Task to carry out – All of the data should be given again word for word, though the images are to be left out.

Given data –
━━━━━━━━━━━━━━━━

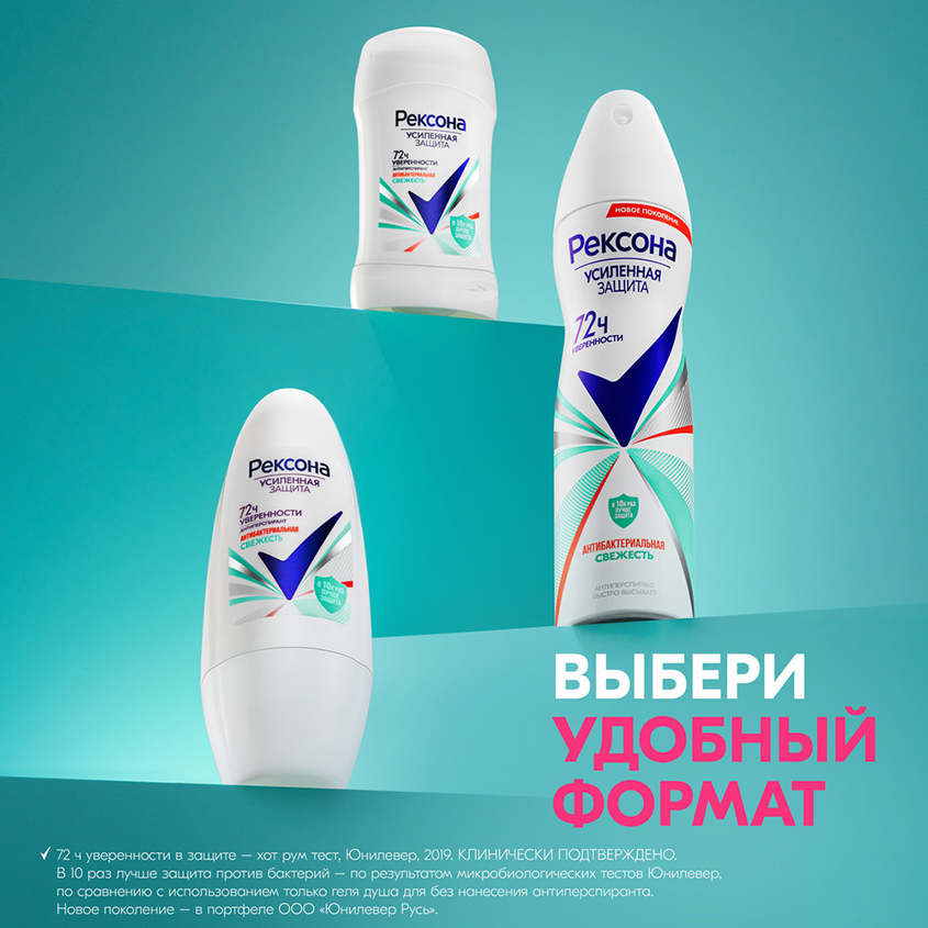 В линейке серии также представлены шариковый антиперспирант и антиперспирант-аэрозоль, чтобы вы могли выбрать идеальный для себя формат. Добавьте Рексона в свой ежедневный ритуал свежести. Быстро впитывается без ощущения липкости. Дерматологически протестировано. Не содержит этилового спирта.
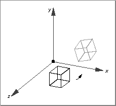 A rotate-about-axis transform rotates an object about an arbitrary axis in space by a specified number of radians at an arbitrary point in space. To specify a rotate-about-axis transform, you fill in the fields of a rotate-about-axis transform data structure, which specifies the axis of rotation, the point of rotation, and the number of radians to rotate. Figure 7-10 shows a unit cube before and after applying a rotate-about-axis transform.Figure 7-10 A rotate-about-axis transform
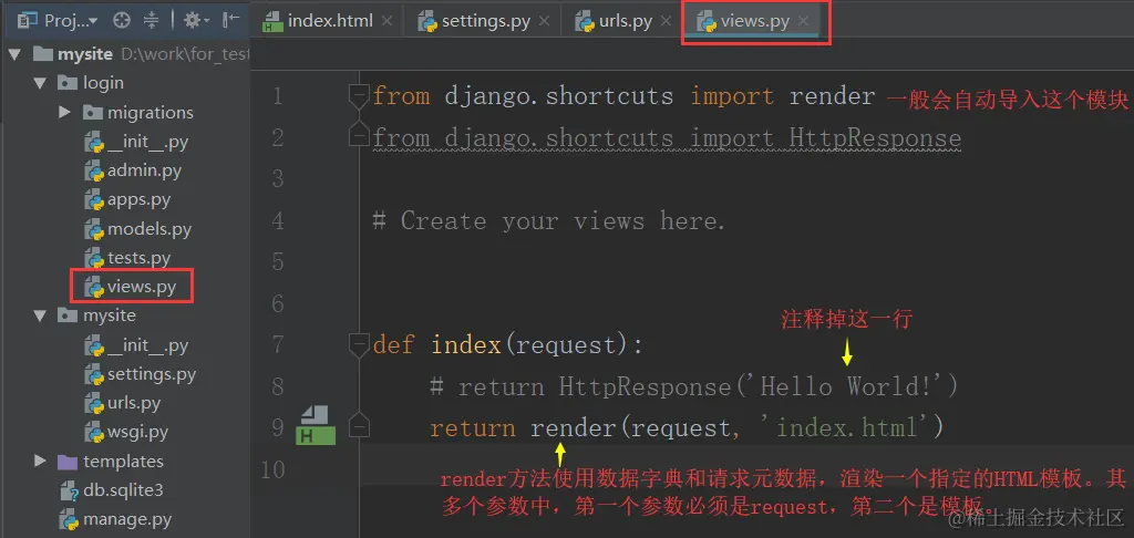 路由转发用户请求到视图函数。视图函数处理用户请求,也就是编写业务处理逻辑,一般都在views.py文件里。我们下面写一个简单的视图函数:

━━━━━━━━━━━━━━━━

Solved exercise –
 В линейке серии также представлены шариковый антиперспирант и антиперспирант-аэрозоль, чтобы вы могли выбрать идеальный для себя формат. Добавьте Рексона в свой ежедневный ритуал свежести. Быстро впитывается без ощущения липкости. Дерматологически протестировано. Не содержит этилового спирта.
 A rotate-about-axis transform rotates an object about an arbitrary axis in space by a specified number of radians at an arbitrary point in space. To specify a rotate-about-axis transform, you fill in the fields of a rotate-about-axis transform data structure, which specifies the axis of rotation, the point of rotation, and the number of radians to rotate. Figure 7-10 shows a unit cube before and after applying a rotate-about-axis transform.Figure 7-10 A rotate-about-axis transform
 路由转发用户请求到视图函数。视图函数处理用户请求,也就是编写业务处理逻辑,一般都在views.py文件里。我们下面写一个简单的视图函数:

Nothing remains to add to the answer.